On Sun, Mar 07, 2010 at 06:01:06PM +0100, Mads Kiilerich wrote:
> David Greenaway wrote, On 03/07/2010 05:12 AM:
> >I maintain a mercurial repository that tracks my company's local changes
> >to the Linux sources. Attempting to upgrade from Linux 2.6.24 to the
> >latest mainline, I tried the following:
> >
> >     hg update -C linux-2.6.24-mainline
> >     rm -rf *
> >     tar -xzvf ~/linux-2.6.33.tar.gz
> >     hg addremove -s75
> 
> So all the files are "renamed" from linux-2.6.24/* to
> linux-2.6.33/*? That makes it a worst case (which indeed should be
> handled better), but it is also a case which Mercurial won't handle
> efficient in the storage anyway (so far), so it would be better to
> avoid such massive renamings.

No, that is just me being sloppy and not testing my commands before
posting, sorry. Files are extracted in the sensible way, without the
version number part of the path component.

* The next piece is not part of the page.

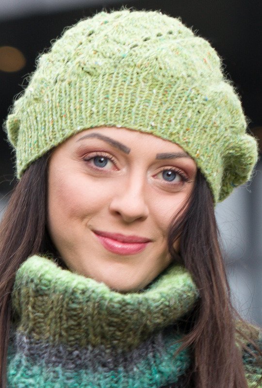 Die lässige Beanie hält warm, sieht cool aus und ist in der frischen apfelgrünen Farbe aus modischem Tweed-Effektgarn mit Alpaka und Seiden-Anteil ein Highlight deiner Herbst- und Wintergarderobe. Der Bund ist ganz klassisch in 1/1-Rippen gestrickt, damit die Mütze gut auf dem Kopf hält. Danach kommt ein einfaches Lochmuster, das locker von den Nadeln geht.

A more precise testcase is:

    wget 'http://www.kernel.org/pub/linux/kernel/v2.6/linux-2.6.24.tar.bz2'
    wget 'http://www.kernel.org/pub/linux/kernel/v2.6/linux-2.6.33.tar.bz2'
    mkdir repository; cd repository
    hg init
    tar --strip-components=1 -xjvf ../linux-2.6.24.tar.bz2
    hg addremove
    hg commit -m A
    rm -rf *
    tar --strip-components=1 -xjvf ../linux-2.6.33.tar.bz2

Followed by:

    hg --time addremove --dry-run -s75

The "--dry-run" allows multiple benchmark runs and also removes the time
taken to record the moves in the revlog (which is independent of the
similarity algorithm).

> How many files are unchanged and indentical in 2.6.24 and 2.6.33?
> The linux code churn is impressive, but I think that very often in
> similar cases many of the files will be moved/renamed but not
> modified.

Linux 2.6.33 has 31565 files.

Of those:

    16400 were added since 2.6.24;
    7897 were removed from 2.6.24.

Of the files added and removed, patched mercurial detects:

    1609 being identical to a file in 2.6.24;
    3407 having similarity >= 75% to a file in 2.6.24.

> Would it make sense to make a first cheap scan only
> looking for 100% match? Perhaps by using the cheap "len" as a coarse
> hash value? How much improvement will this give in your example?

Patch 4 in the series attempts to  do this using SHA1 hashes.

Cheers,
David